Altered food web structure and C-flux pathways associated with mineralisation of organic amendments to agricultural soil

Abstract

Application of organic materials to agricultural soils offers the potential to divert these from conventional waste streams and to reduce the use of mineral fertilisers for crop production. In addition to direct impacts of organic materials on soil physico-chemical conditions, such amendments may also affect the structure and functioning of soil food webs and the coupling of plant- and soil biological activity. In this study we investigated the impact of cattle slurry and municipal green compost applications on soil microbial and nematode communities. Specifically, we applied steady-state 13C-labelling to quantify the impacts of the amendments on transfer of plant-derived C through components of the soil food web and to determine the activity of the soil biota in mineralising amendment- and soil organic matter derived-C. Both the slurry and compost amendments significantly promoted barley N-acquisition and growth.
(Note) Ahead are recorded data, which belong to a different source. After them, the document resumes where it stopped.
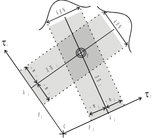 Точность обсервованного места зависит от точности измеренного навигационного параметра. Для выяснения этой зависимости выполним графическое построение линий положения, но уже с учетом погрешностей в навигационных параметрах. На рис. 6.1 показана счислимая точка С, обсервованная точка F и две линии положення, которые проходят через определяющие точки к1 и к2. Переносы, с помощью которых получены линии положения, имеют случайные погрешности, которые оцениваются СКП − тлп1 и тлп 2 . Это означает, что изображенные на рисунке линии положения являются наиболее вероятными, но могут проходить и в другом месте. Кривые нормального закона распределения также показаны на рисунке. Обсервованная точка получена на пересечении наиболее вероятных линий положения, но в действительности может быть и в другом месте.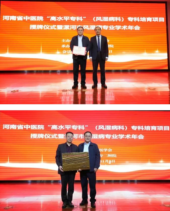 河南省中醫(yī)院風濕科主任孟慶良教授、漯河市衛(wèi)健委副主任于宏、漯河市醫(yī)學會秘書長花云,漯河醫(yī)專二附院院長王齊超、副院長吳廣良、紀委書記劉國鋒等出席會議。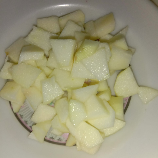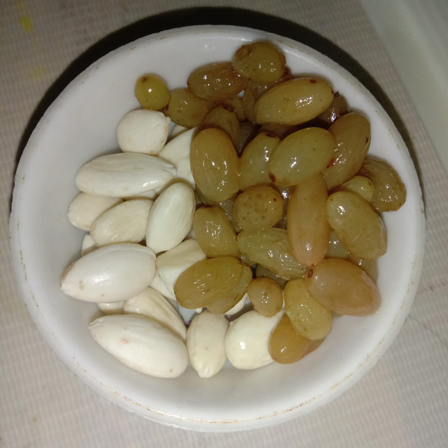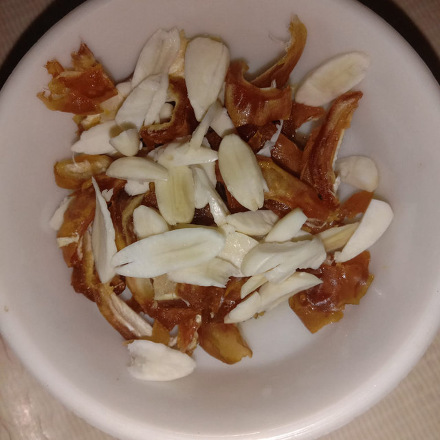 Now we have to cut the fruit we want to add into small pieces properly. I have apples, almonds, and dates. I have divided them into small pieces. First, we have to peel the apples. After peeling, we have to divide them into small pieces. We also have to remove the pit from the dates and divide them into long pieces. We also have to finely chop the almonds.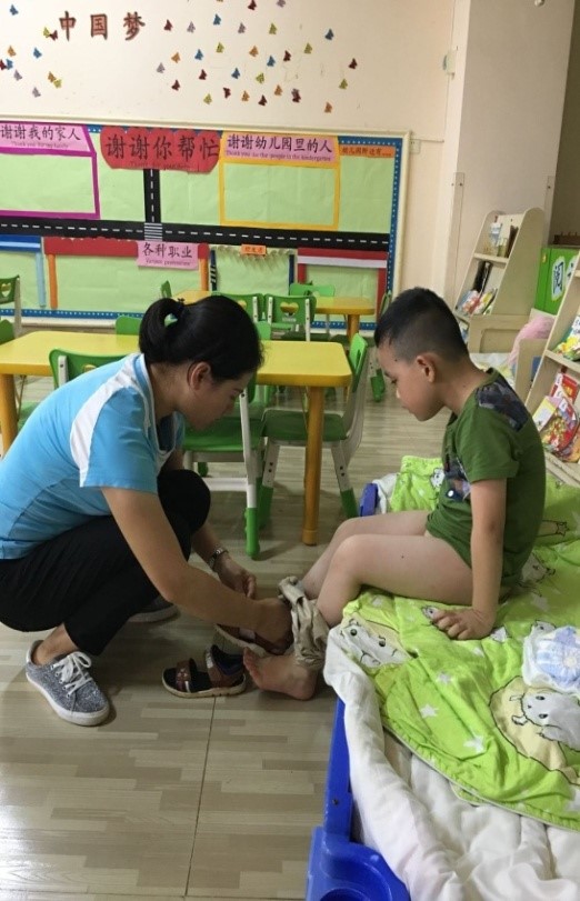 在湛莉的细心照顾下,超超的睡眠习惯也大有改善,从每天需要老师拍背入睡,到现在自己能安静入睡。虽然现在还每天还需要包着尿布,但是湛莉坚信,在老师们的耐心培养下,他总有一天能戒掉尿布,像其他孩子一样正常入睡!

The municipal compost amendment, but not slurry application, strongly affected soil microbial community structure and increased nematode abundance, relative to unamended soil. This was associated with increased flux of plant-derived C through bacterial (particularly Gram negative) populations in compost-amended soil and was associated with increased mineralisation of amendment- and soil organic matter-derived substrates. For slurry-amended soils, the amendment did not alter soil community structure and mineralisation of soil C was not coupled to the flux of plant-derived C through below-ground pools. The results are indicative of N-supply to barley in compost-amended soil being dependent on the functioning of the soil food web (including C-flux to it from living roots), whereas N-supply from slurry was independent of this coupling between plant and soil processes. We suggest that plant/food web interactions are important targets for development of effective management strategies for organic waste applications to agricultural soils in the context of optimising the balance between nutrient supply to crops and the susceptibility of nutrients to losses from soil.